Problem details: Find "Starý černobílý pohled" in the material, then return exactly the line containing it and all lines after it to the end, leaving out pictures.
======== Given data
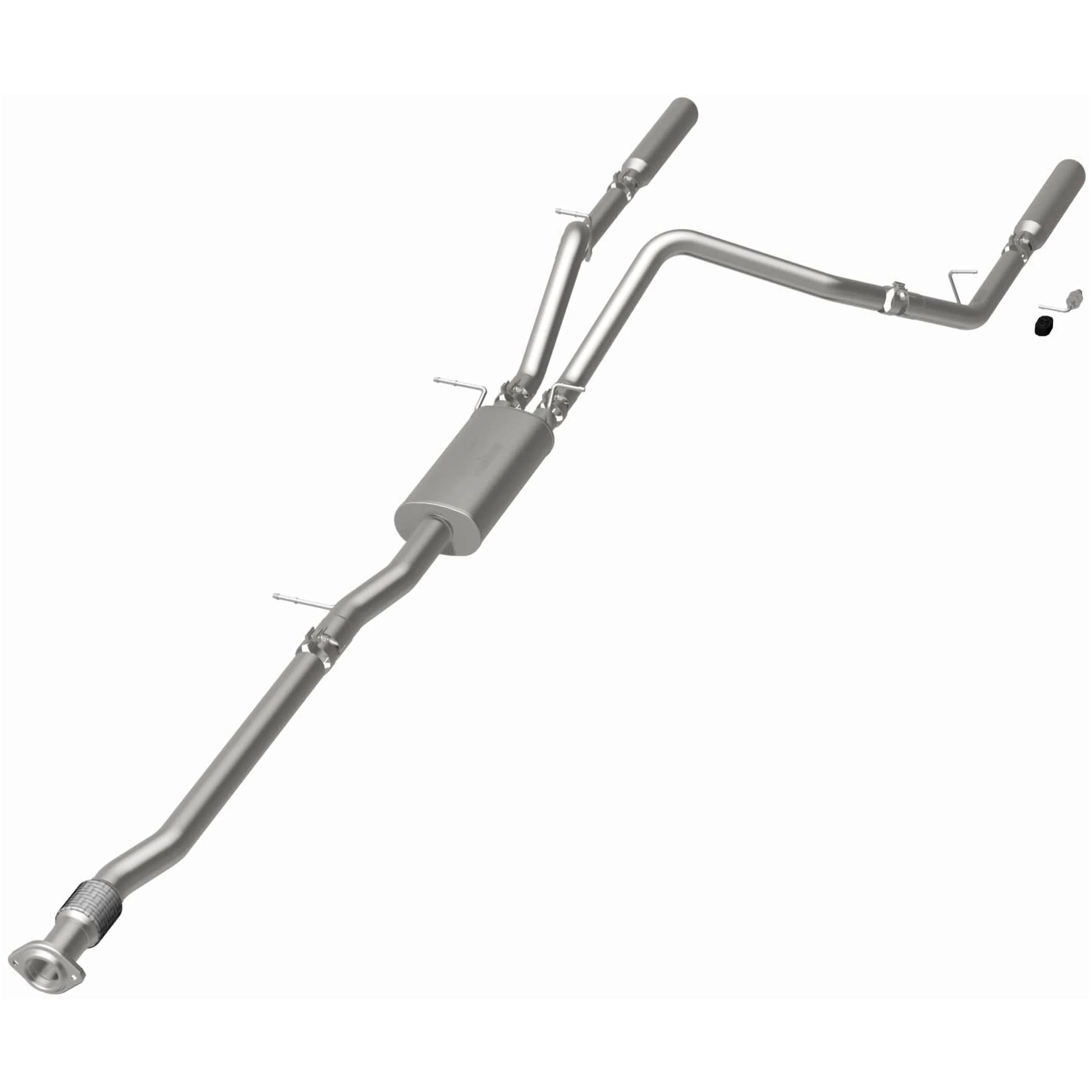 The MagnaFlow Street Series Cat-Back Performance Exhaust System 16741 brings out the personality of your Truck with our signature resonant, powerful engine tone and dyno-proven performance. Thanks to its fast-flowing, mandrel bent 3in. main piping and 1 Straight-Through mufflers ending in a Dual Split Rear exit with 3.5in. Polished Clamp-On Single Wall Angle Cut Rolled Edge tips, this Truck exhaust kit has the performance chops to match its sporty sound and appearance. Upgrade your ride to the next level with an exhaust that has the pipes to put other Truck's to shame. With this system your vehicle will be producing Aggressive exterior and Moderate interior sound levels while leaving other cars and trucks feeling envious at every stoplight. Exhaust kit 16741 features a cat-back layout that replaces your ride's stock exhaust components from near the catalytic converter on back. Extensive 3D scanning during development has resulted in a direct-fit design that you can easily install yourself. 16741 is produced using CNC precision robotic manufacturing techniques and is backed by MagnaFlow's 1-year limited finish warranty and limited lifetime construction warranty.
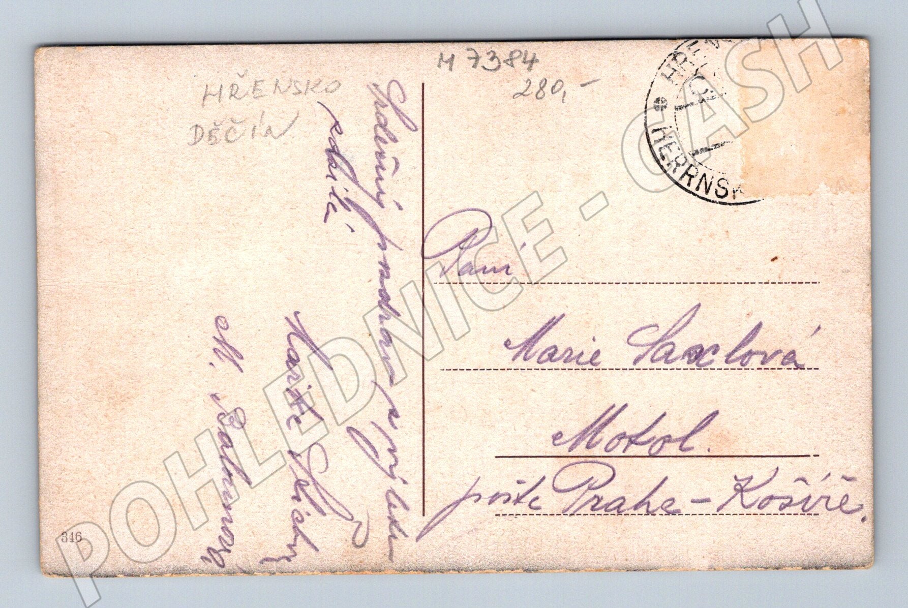 Starý černobílý pohled z Edmundovy soutěsky (Edmundsklamm) v Českém Švýcarsku (Böhm. Schweiz), zachycující pramici projíždějící soutěskou s vybíráním vody a nádhernou atmosférou této přírodní scenérie. Jedná se o velmi pěkně zachovalou pohlednici s ručně psaným pozdravem a adresou na zadní straně, odeslanou z Hřenska. Rozměr pohlednice odpovídá malému formátu a datace je přibližně první polovina 20. století. Pohlednice je vhodná do sbírky zaměřené na historické pohledy z Čech, zejména Českého Švýcarska a Děčínska.
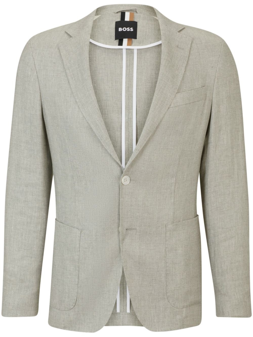 single-breasted blazer Highlights - Sage green - Lyocell-linen blend - Notched lapels - Front button fastening - Long sleeves - Buttoned cuffs - Chest welt pocket - Two front patch pockets - English rear vents - Unlined Imported Composition Outer: Linen/Flax 61%, Lyocell 36%, Polyamide 2%, Elastane 1% Lining: Polyester 50%, Cotton 50% SIZE & FIT FittingInformation Designed for a slim fit, offering a comfortable fit that sits just away from the body The vented hem offers movement at the rear Made from a lightweight stretch fabric, this piece offers elasticity and flexibility when worn This piece fits true to size – take your usual size
================
Exercise output:
 Starý černobílý pohled z Edmundovy soutěsky (Edmundsklamm) v Českém Švýcarsku (Böhm. Schweiz), zachycující pramici projíždějící soutěskou s vybíráním vody a nádhernou atmosférou této přírodní scenérie. Jedná se o velmi pěkně zachovalou pohlednici s ručně psaným pozdravem a adresou na zadní straně, odeslanou z Hřenska. Rozměr pohlednice odpovídá malému formátu a datace je přibližně první polovina 20. století. Pohlednice je vhodná do sbírky zaměřené na historické pohledy z Čech, zejména Českého Švýcarska a Děčínska.
 single-breasted blazer Highlights - Sage green - Lyocell-linen blend - Notched lapels - Front button fastening - Long sleeves - Buttoned cuffs - Chest welt pocket - Two front patch pockets - English rear vents - Unlined Imported Composition Outer: Linen/Flax 61%, Lyocell 36%, Polyamide 2%, Elastane 1% Lining: Polyester 50%, Cotton 50% SIZE & FIT FittingInformation Designed for a slim fit, offering a comfortable fit that sits just away from the body The vented hem offers movement at the rear Made from a lightweight stretch fabric, this piece offers elasticity and flexibility when worn This piece fits true to size – take your usual size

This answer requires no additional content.